The announcement sent shockwaves through world football and the reaction was immediate. This represented a closed shop, an attempt by a small elite to maximise and solidify their own dominance to the detriment of everybody else. Proposals were vehemently opposed by the overwhelming majority of supporters, and while much of the fan ire was directed towards the lack of promotion and relegation, it also centred on something larger. Football clubs are no longer community assets, they are businesses and businesses that existed to make money, nothing else. These super-rich owners, with little historical connection to the areas they had invested in were pressing ahead with controversial plans without consulting the local people it was set to impact and they didn’t seem to care, sound familiar?




What Football Can Learn From Real Estate


In a 2019 interview ahead of the launch of their report into public trust, Grosvenor’s

Craig McWilliam shared that he had seen data which showed “people thought the development sector was worse than drug dealers in its effect on local spaces.” Grosvenor’s own research would highlight that just 2% of the public trusted real estate developers and that the biggest driver of distrust was the perception that they only cared about making money. With trust at an all time low, Grosvenor were determined to do something about it and they set about on a range of measures, including working with Built-ID to launch our Give My View platform on their Cundy Street Quarter development. The project delivered a record level of engagement for the estate and since then, the wider industry has continued this shift towards more frequent and meaningful community engagement.

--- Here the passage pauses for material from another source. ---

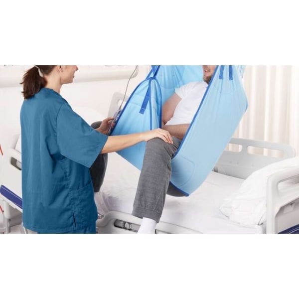 Choosing the right sling is essential for safe patient handling. Therefore, caregivers must ensure the sling matches the patient’s needs, the type of transfer, and the lifting equipment used.

At a fan forum on Thursday night, Arsenal director Josh Kroenke appeared to claim that lockdown restrictions were part of the reason that the ownership had failed in its attempts to engage with fans. The pandemic could have provided a similar excuse to real estate developers, but instead COVID-19 has seen the industry embrace new digital tools and a similar shift in football is definitely in the post. Perhaps it should not come as a surprise that one of the ESL’s harshest critics was Everton, a club that has demonstrated as well as anyone during the pandemic that it understands the importance of fan engagement. Everton’s ‘Blue Family’ campaign to combat social isolation has made over 25,000 welfare calls and delivered over 14,000 emergency food parcels to local families over the last year, and it is a team that has always had a reputation for being a family club.


Summary


At its worst, there are more parallels between the development industry and the ESL story than we might care to mention, but at our best we can lead the way and show how to bridge a seemingly impossible trust gap. There is still work to be done, but real estate has been on a transformational journey over the last couple of years, and football has an opportunity to do something similar; only time will tell if it will.